* **Task prompt**:
Take nothing but the lines from the one with "田上町社会福祉協議会では、赤" through the one with "Skupni nastop mladih pevcev na reviji." in the entries below, both ends kept, and return them exactly with pictures left out.

* **Data excerpts**:

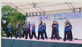
雨にも負けず、会場内は熱気に包まれた
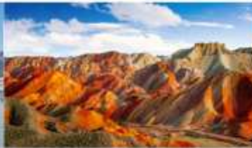
หุบเขาสายรุ้งจางเย่
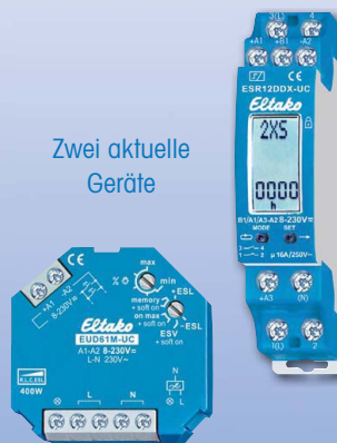
Zwei aktuelle Geräte
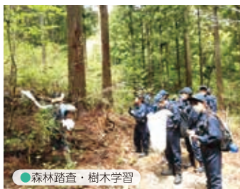
● 森林踏査・樹木学習
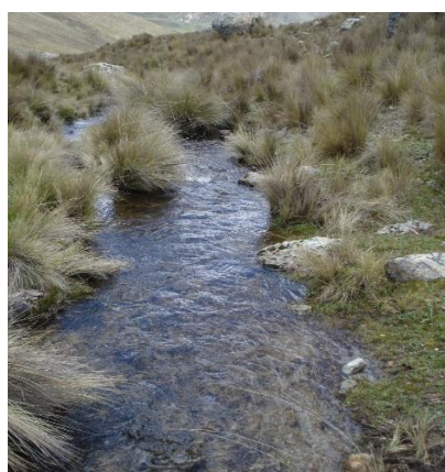
Canal de Tierra

Línea de Conducción: Es un canal principal con tubería de 160mm clase 10 de manera artesanal, esta construcción fue realizada con participación de la población de los Caseríos de Quisuar, Anchin, Cashairca, Marca y Niñahuain, esta línea de conducción tiene una longitud de 8km.
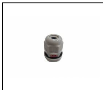
Divers presse-étoupe gris M20 * 1.5 IP68 (16000507)
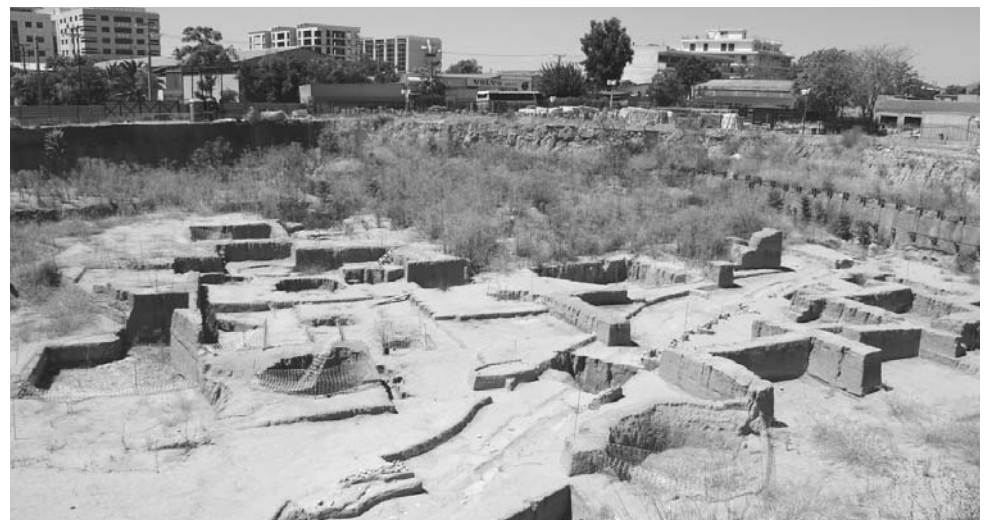
Οι ανασκαφές γίνονται μόνο όταν προβλέπεται η ανέγερση μεγανθυρίων που θα καταστρέψουν την αρχαία κληρονομιά.
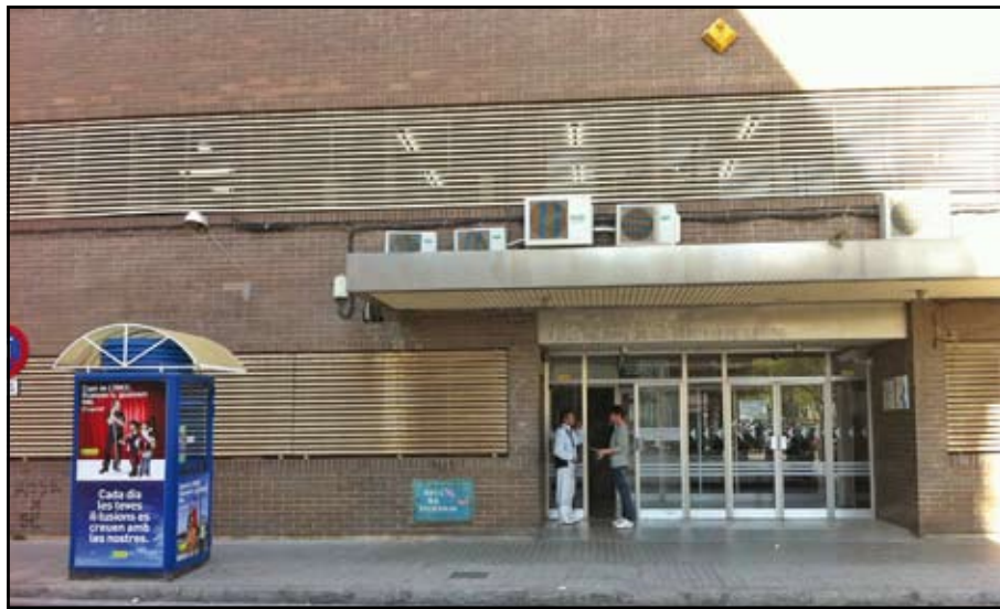
El nou Centre d'Atenció Primària de la Mina estarà llest pel 2013.
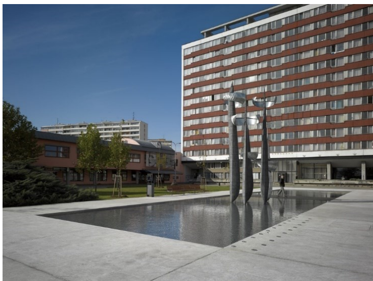
Obr. č. 18a: Snímek po rekonstrukci (2010); zdroj: www.archiweb.cz/b/rekonstrukce-namesti-novodvorska-1-etapa
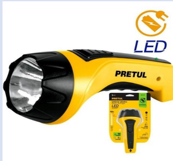
LINTERNA LED PRETUL /TRUPER
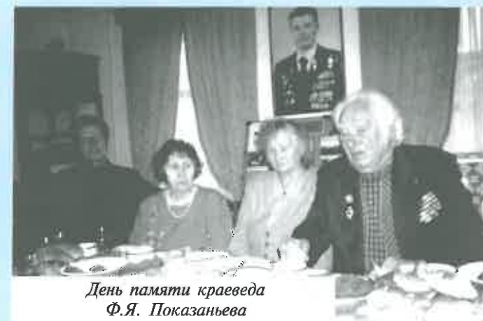
День памяти краеведа Ф.Я. Показаньева
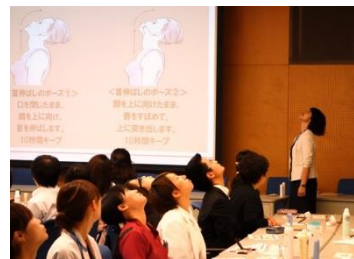
フェース エクササイズ
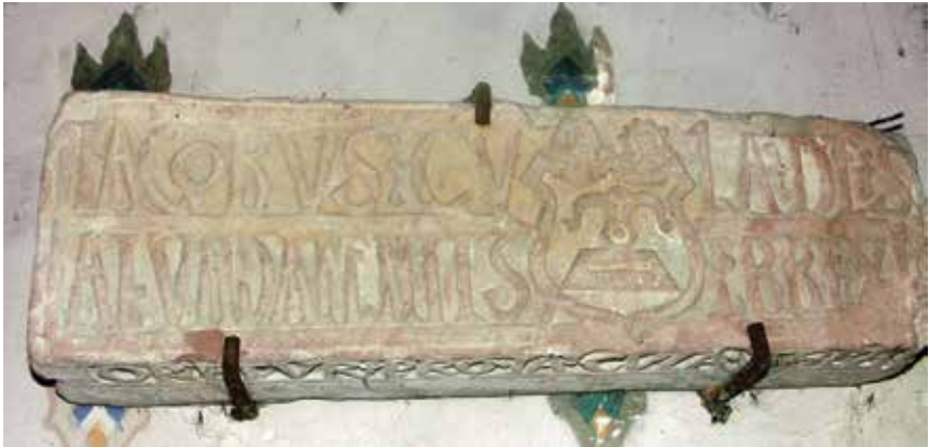
3. Relikt nadproża w lapidarium w kruchcie kościoła klasztornego w Czerwińsku, po 1524 roku.
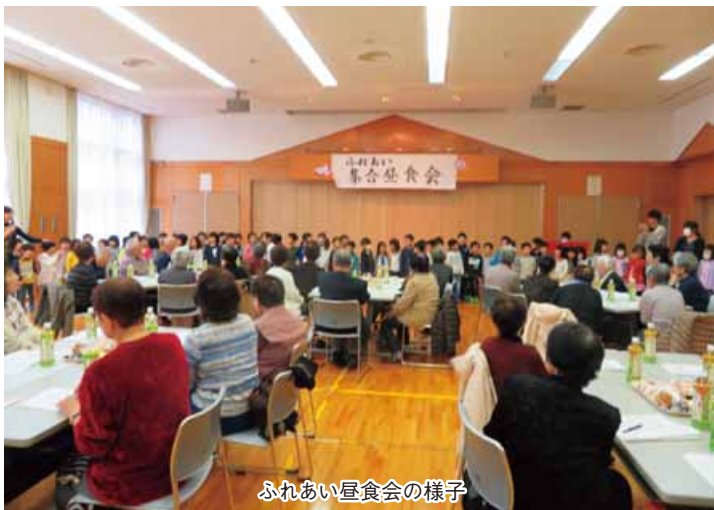
ふれあい昼食会の様子

田上町社会福祉協議会では、赤い羽根共同募金の助成を活用して、65歳以上の一人暮らしの高齢者を招待する『ふれあい集合昼食会』を年1回開催しています。これは、様々な世代の交流を目的としています。
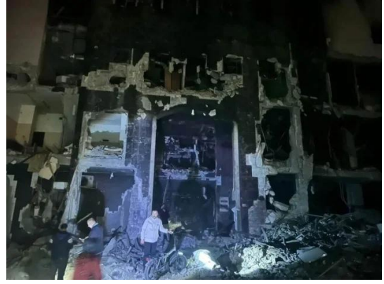
مشفى الشفاء بعد تدميره من قبل قوات الإحتلال الصهيوني
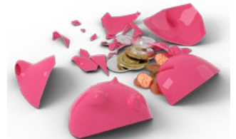
4 Tips voor de bv en de dga
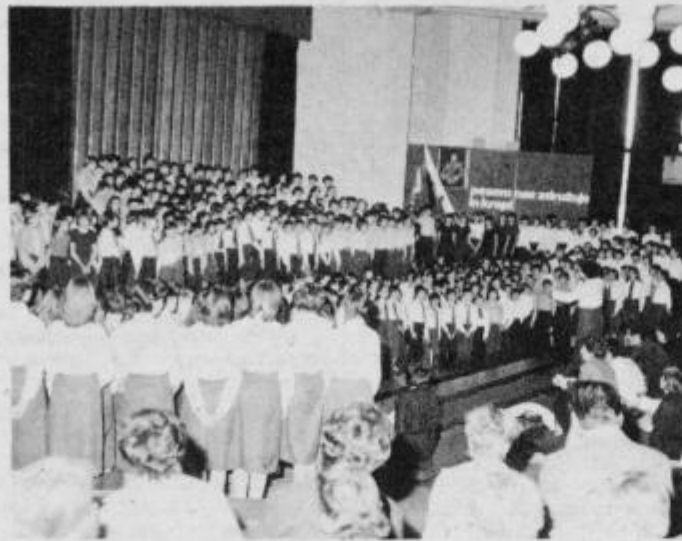
Skupni nastop mladih pevcev na reviji.

Vsem, ki so nastopili na reviji veljajo čestitke za njihov prispevek k letošnji reviji z željo, da svoje kulturno poslanstvo nadaljujejo, saj pesem nas resnično druži in krepi.

* **Your solution**:
田上町社会福祉協議会では、赤い羽根共同募金の助成を活用して、65歳以上の一人暮らしの高齢者を招待する『ふれあい集合昼食会』を年1回開催しています。これは、様々な世代の交流を目的としています。
مشفى الشفاء بعد تدميره من قبل قوات الإحتلال الصهيوني
4 Tips voor de bv en de dga
Skupni nastop mladih pevcev na reviji.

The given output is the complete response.